I can't believe it!
There is no current problem of greater importance to cosmology than that of dark matter. Dark matter is composed of particles that do not absorb, reflect, or emit light, so they cannot be detected by observing electromagnetic radiation. Dark matter is material that cannot be seen directly. We know that dark matter exists because of the effect it has on objects that we can observe directly.
Scientists study dark matter by looking at the effects it has on visible objects. Scientists believe that dark matter may account for the unexplained motions of stars within galaxies. Computers play an important role in the search for dark matter data. They allow scientists to create models which predict galaxy behavior. Satellites are also being used to gather dark matter data. In 1997, a Hubble Space Telescope image (seen on the right) revealed light from a distant galaxy cluster being bent by another cluster in the foreground of the image. Based on the way the light was bent, scientists estimated the mass of the foreground cluster to be 250 times greater than the visible matter in the cluster.
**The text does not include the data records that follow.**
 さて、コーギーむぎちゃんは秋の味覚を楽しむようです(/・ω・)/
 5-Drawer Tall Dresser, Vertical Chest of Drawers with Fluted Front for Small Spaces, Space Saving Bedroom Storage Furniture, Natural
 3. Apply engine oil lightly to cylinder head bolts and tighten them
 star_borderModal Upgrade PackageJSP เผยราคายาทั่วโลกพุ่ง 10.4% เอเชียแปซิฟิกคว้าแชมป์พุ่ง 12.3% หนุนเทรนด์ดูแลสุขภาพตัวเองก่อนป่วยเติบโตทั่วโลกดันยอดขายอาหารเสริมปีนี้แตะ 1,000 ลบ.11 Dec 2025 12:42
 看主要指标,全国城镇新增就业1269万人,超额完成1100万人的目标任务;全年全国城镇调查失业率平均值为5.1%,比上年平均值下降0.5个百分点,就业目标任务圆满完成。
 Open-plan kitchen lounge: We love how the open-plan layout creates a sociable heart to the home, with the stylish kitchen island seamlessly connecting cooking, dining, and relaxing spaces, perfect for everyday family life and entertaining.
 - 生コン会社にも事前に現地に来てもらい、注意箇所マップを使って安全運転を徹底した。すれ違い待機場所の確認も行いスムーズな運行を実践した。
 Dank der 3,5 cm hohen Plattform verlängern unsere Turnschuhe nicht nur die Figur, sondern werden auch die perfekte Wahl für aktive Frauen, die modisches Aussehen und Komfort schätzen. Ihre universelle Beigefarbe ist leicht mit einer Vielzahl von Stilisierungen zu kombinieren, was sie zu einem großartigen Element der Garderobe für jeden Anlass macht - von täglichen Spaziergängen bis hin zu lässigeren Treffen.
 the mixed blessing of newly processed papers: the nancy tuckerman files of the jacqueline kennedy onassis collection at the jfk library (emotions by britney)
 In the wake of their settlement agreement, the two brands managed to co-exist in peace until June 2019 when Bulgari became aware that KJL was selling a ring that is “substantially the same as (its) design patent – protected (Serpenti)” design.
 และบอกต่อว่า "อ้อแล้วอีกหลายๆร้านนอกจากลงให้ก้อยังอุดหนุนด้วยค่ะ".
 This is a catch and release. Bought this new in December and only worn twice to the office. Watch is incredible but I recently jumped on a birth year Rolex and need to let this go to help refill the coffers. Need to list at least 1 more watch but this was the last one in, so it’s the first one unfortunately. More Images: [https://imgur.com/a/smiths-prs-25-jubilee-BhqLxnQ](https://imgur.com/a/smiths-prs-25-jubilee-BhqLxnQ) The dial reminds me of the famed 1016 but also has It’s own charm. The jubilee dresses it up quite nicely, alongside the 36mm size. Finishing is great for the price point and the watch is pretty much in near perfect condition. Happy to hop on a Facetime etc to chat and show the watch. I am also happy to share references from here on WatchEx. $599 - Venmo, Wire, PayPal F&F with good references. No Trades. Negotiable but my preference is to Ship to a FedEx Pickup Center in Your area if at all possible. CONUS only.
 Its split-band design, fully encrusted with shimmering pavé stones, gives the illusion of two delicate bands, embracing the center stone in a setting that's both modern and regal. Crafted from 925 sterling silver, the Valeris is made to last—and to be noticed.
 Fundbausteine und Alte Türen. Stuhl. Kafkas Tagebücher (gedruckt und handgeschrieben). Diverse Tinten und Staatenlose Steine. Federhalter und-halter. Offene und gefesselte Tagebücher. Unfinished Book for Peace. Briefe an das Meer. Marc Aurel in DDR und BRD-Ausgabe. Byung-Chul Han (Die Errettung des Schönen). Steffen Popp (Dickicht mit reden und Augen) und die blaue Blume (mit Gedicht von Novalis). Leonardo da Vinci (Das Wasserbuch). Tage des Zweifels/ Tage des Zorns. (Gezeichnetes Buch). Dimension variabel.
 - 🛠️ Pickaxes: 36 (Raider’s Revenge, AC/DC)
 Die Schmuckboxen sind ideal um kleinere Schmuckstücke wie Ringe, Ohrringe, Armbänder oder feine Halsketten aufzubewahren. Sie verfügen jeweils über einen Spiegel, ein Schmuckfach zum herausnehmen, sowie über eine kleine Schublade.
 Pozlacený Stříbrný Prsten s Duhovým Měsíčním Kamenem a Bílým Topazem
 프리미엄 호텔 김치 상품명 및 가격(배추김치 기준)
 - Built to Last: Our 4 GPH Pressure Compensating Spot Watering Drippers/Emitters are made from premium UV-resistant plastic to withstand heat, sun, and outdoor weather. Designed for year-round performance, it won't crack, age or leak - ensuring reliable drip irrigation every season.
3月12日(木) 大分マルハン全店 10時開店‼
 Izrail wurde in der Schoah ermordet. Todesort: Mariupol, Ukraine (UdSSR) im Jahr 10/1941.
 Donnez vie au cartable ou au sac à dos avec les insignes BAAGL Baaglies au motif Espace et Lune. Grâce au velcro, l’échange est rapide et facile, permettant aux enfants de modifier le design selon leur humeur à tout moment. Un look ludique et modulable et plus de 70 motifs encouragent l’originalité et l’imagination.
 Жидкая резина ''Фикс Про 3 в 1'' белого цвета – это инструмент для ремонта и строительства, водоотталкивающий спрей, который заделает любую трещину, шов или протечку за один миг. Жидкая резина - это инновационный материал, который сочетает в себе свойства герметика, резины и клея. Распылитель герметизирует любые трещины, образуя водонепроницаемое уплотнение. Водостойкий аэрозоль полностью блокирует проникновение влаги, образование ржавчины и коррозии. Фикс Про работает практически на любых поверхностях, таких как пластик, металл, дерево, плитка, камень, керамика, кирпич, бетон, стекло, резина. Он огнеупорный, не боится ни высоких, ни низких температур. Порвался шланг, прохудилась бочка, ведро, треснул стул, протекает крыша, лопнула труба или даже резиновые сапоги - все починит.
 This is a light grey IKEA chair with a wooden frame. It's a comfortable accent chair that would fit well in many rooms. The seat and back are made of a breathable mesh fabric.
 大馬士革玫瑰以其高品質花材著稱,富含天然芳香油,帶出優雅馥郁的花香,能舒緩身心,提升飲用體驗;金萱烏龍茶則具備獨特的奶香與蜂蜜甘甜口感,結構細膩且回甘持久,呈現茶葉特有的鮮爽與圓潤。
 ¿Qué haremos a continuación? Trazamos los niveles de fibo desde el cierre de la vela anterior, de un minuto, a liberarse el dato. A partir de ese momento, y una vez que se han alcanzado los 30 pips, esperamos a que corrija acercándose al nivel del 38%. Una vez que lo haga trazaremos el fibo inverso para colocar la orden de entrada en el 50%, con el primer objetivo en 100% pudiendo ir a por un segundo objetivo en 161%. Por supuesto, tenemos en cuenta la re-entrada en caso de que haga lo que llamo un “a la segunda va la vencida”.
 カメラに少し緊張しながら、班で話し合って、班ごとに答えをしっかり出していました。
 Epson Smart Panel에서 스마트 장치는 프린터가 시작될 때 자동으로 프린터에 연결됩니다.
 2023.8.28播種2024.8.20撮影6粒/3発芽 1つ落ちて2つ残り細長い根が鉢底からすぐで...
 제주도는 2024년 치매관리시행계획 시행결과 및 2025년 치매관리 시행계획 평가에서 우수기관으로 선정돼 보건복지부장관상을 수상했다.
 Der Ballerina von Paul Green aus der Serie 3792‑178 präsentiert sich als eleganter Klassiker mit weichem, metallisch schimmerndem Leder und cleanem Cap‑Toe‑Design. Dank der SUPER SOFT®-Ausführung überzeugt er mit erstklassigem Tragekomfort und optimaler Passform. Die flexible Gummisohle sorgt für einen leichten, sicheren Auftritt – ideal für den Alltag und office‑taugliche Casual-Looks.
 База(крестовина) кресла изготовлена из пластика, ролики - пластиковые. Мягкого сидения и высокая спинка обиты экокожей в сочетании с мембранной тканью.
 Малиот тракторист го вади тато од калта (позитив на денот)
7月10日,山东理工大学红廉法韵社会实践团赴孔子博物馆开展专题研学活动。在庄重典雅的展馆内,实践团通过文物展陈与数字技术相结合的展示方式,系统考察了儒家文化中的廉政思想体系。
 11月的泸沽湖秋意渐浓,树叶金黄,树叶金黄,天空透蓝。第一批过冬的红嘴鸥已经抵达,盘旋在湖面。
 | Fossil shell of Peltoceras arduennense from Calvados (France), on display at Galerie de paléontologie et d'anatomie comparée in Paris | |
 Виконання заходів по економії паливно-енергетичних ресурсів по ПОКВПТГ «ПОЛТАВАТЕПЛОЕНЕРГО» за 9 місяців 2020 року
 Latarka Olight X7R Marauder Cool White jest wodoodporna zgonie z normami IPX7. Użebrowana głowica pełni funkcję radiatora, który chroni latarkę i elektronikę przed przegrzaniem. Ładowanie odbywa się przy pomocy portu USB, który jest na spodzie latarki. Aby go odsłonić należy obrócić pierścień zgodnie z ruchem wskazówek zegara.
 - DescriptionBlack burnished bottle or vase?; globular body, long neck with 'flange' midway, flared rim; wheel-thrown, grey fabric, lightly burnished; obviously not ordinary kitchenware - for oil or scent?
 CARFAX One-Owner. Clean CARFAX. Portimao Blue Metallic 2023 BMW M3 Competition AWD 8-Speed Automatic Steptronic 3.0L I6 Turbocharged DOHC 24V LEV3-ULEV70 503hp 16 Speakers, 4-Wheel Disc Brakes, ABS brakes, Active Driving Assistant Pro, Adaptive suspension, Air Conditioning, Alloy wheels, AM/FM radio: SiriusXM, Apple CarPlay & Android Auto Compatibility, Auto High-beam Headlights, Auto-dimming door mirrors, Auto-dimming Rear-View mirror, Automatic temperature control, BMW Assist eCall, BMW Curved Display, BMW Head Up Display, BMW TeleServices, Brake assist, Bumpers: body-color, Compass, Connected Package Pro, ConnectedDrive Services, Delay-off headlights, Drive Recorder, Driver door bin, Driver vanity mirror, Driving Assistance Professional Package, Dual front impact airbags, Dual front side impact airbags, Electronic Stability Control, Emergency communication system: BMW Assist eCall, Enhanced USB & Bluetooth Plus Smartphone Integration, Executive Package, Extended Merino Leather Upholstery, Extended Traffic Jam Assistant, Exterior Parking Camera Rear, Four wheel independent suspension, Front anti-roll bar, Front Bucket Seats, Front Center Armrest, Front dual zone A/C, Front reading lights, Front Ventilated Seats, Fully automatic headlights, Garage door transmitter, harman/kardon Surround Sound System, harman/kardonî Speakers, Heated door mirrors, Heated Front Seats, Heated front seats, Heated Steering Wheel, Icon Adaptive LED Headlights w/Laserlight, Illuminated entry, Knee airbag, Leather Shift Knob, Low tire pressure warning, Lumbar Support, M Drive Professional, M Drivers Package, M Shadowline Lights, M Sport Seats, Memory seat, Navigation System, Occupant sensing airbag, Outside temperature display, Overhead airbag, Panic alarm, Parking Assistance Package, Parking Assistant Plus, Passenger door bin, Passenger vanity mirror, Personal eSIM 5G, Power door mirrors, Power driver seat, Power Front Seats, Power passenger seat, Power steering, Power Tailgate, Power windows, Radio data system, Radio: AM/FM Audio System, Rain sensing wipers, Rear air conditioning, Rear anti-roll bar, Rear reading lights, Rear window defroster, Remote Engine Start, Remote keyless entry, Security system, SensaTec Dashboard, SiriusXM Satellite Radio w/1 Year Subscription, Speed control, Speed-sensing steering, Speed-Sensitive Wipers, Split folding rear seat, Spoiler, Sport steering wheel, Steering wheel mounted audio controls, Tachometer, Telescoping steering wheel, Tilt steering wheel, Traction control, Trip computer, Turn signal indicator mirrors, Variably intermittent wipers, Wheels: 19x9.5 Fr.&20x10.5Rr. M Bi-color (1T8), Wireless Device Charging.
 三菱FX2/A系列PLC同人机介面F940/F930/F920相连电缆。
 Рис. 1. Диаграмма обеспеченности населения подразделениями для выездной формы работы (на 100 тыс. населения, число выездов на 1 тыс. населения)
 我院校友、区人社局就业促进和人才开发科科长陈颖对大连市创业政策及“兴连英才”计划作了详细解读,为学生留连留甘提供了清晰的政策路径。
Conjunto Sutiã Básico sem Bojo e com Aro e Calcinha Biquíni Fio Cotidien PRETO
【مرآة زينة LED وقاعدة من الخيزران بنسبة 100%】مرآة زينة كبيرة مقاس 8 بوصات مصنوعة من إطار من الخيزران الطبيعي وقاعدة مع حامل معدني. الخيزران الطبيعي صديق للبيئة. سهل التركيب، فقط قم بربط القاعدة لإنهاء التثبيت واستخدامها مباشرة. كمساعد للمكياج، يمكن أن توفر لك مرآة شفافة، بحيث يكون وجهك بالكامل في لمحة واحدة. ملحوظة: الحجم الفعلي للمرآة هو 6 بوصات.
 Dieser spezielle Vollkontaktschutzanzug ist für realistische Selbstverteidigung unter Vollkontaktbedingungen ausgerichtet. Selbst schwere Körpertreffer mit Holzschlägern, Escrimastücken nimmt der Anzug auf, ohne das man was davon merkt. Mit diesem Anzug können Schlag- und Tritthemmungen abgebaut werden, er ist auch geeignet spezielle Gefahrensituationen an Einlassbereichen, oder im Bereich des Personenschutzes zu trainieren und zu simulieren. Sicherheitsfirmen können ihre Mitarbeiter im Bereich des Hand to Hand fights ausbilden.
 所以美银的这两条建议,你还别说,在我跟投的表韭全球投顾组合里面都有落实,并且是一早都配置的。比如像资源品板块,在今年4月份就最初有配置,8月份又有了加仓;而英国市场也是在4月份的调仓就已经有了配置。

Scientists believe that dark matter in the cluster accounts for the unexplained mass.
Scientists have produced many theories about what exactly dark matter may be. Some believe that it may be normal objects such as cold gasses, dark galaxies, or massive compact halo objects (called MACHOs, they would include black holes and brown dwarfs). Other scientists believe that dark matter may be composed of strange particles which were created in the very early universe. Such particles may include axions, weakly interacting massive particles (called WIMPs), or neutrinos.
Understanding dark matter is important to understanding the size, shape and future of the universe. The amount of dark matter in the universe will determine if the universe is open (continues to expand), closed (expands to a point and then collapses) or flat (expands and then stops when it reaches equilibrium). Understanding dark matter will also aid in definitively explaining the formation and evolution of galaxies and clusters. As a galaxy spins it should be torn apart. This does not happen, so something is holding the galaxy together. The something is gravity; the amount of gravity required to do this, however, is enormous and could not be generated by the visible matter in the galaxy.
A QuestionIf dark matter cannot be seen, how do we know that there is the possibility that it exists?